> _Prompt_
Apart from the images, reproduce all of the data word for word.

> _Given material_
^^^^

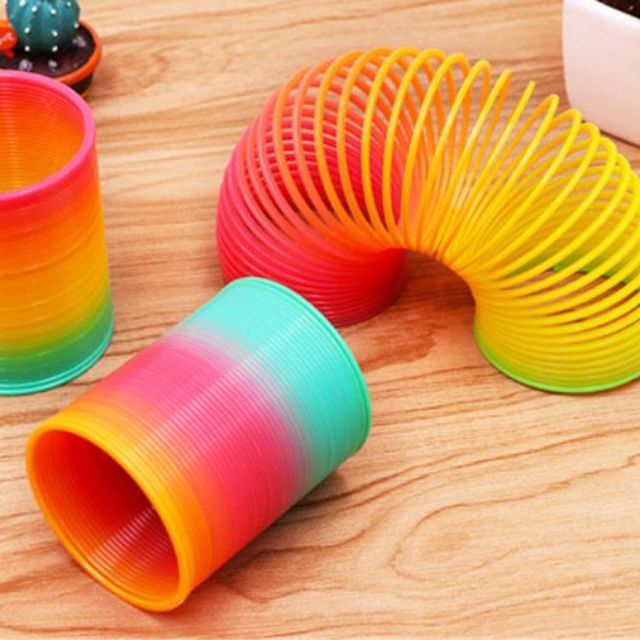 เริ่มจากของเล่นที่ “ง่อย” ที่สุดในความทรงจำแอดมินก่อนเลย 55+ มันคือของเล่นที่เบสิคมากๆ สปริงสีพลาสติกเหล่านี้มีมาให้เล่นกันมานานตั้งแต่ยุค 80 เราสามารถพบเจอมันได้ตามแผงลอย ตลาดนัด แผงขนมหน้าโรงเรียน มีตั้งแต่ไซส์เล็กหลัก 5 บาท ไปจนถึงไซส์ใหญ่ หลักร้อยบาท ส่วนมาก สปริงสีรุ้งนี่จะแถมมากับพวกจัดโปรซื้อรองเท้านักเรียนอนุบาล+ถุงเท้า ซื้อคู่แล้วต้องไปแลกซื้อไอ้สปริงนี่มาด้วยนะ แต่เชื่อเถอะ เด็กๆตัวน้อยๆ คงชอบแหละ สีสันสวยฉูดฉาดบาดตามาก วิธีเล่น โยนมันลงบันได มันจะเทคตัวไปตามชั้นบันไดทีละชั้นๆ อาศัยโมเมนตั้มจากหัวไปท้าย ท้ายไปหัว สลับกันจนไต่บันไดลงมาได้นั่นเอง
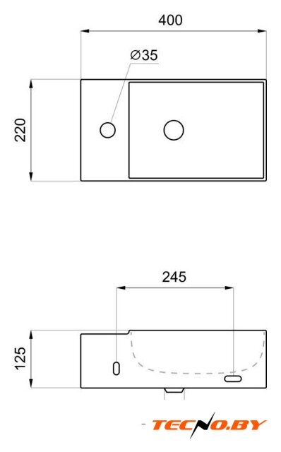 40x22 см, мини-мойка (рукомойник), накладной/настенный, фарфор, крепление на столешницу/на стену
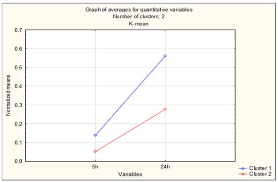 Analysis of cluster averages by K-means, considering nematode C. elegans mobility as a result of toxic properties of tested mycelia developed in 5 h and 24 h.

^^^^

> _Completed task_
 เริ่มจากของเล่นที่ “ง่อย” ที่สุดในความทรงจำแอดมินก่อนเลย 55+ มันคือของเล่นที่เบสิคมากๆ สปริงสีพลาสติกเหล่านี้มีมาให้เล่นกันมานานตั้งแต่ยุค 80 เราสามารถพบเจอมันได้ตามแผงลอย ตลาดนัด แผงขนมหน้าโรงเรียน มีตั้งแต่ไซส์เล็กหลัก 5 บาท ไปจนถึงไซส์ใหญ่ หลักร้อยบาท ส่วนมาก สปริงสีรุ้งนี่จะแถมมากับพวกจัดโปรซื้อรองเท้านักเรียนอนุบาล+ถุงเท้า ซื้อคู่แล้วต้องไปแลกซื้อไอ้สปริงนี่มาด้วยนะ แต่เชื่อเถอะ เด็กๆตัวน้อยๆ คงชอบแหละ สีสันสวยฉูดฉาดบาดตามาก วิธีเล่น โยนมันลงบันได มันจะเทคตัวไปตามชั้นบันไดทีละชั้นๆ อาศัยโมเมนตั้มจากหัวไปท้าย ท้ายไปหัว สลับกันจนไต่บันไดลงมาได้นั่นเอง
 40x22 см, мини-мойка (рукомойник), накладной/настенный, фарфор, крепление на столешницу/на стену
 Analysis of cluster averages by K-means, considering nematode C. elegans mobility as a result of toxic properties of tested mycelia developed in 5 h and 24 h.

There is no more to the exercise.